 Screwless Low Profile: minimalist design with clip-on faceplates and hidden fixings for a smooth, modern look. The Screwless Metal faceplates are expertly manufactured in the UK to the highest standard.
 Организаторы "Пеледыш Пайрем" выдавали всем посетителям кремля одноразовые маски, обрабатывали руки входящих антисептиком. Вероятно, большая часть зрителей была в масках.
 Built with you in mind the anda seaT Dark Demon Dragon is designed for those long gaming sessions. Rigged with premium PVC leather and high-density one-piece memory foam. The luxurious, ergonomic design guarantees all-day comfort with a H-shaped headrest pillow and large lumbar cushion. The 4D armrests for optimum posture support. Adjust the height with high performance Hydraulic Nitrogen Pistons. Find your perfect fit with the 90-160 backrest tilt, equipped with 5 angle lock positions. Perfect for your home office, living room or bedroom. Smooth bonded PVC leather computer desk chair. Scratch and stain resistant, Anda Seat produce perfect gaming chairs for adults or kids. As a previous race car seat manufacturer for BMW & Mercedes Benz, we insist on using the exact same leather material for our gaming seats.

--

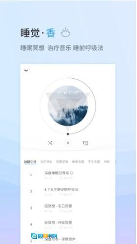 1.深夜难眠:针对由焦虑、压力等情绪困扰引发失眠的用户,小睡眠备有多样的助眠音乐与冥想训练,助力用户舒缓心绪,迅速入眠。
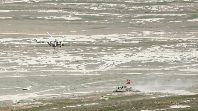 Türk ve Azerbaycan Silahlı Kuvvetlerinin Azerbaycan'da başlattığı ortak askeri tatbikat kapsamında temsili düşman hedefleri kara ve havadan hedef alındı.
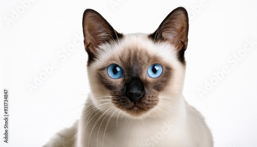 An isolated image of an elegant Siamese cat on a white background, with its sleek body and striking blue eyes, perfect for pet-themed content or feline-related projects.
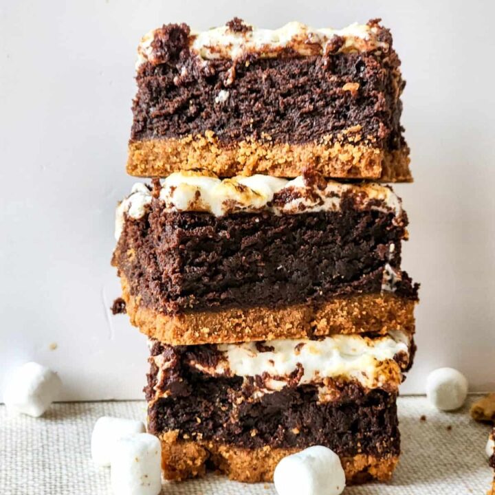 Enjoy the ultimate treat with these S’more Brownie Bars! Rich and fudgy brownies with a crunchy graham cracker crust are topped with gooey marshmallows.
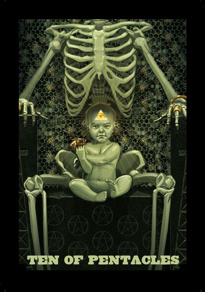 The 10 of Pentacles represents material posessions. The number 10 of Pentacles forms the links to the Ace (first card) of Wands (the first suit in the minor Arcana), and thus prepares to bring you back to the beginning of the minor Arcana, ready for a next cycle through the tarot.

What you need to do: Only one stretch of the data above is needed. Restate it word for word, from the line containing "Screwless Low Profile: minimalist" through the line containing "была в масках.", both ends included.

Answer:
 Screwless Low Profile: minimalist design with clip-on faceplates and hidden fixings for a smooth, modern look. The Screwless Metal faceplates are expertly manufactured in the UK to the highest standard.
 Организаторы "Пеледыш Пайрем" выдавали всем посетителям кремля одноразовые маски, обрабатывали руки входящих антисептиком. Вероятно, большая часть зрителей была в масках.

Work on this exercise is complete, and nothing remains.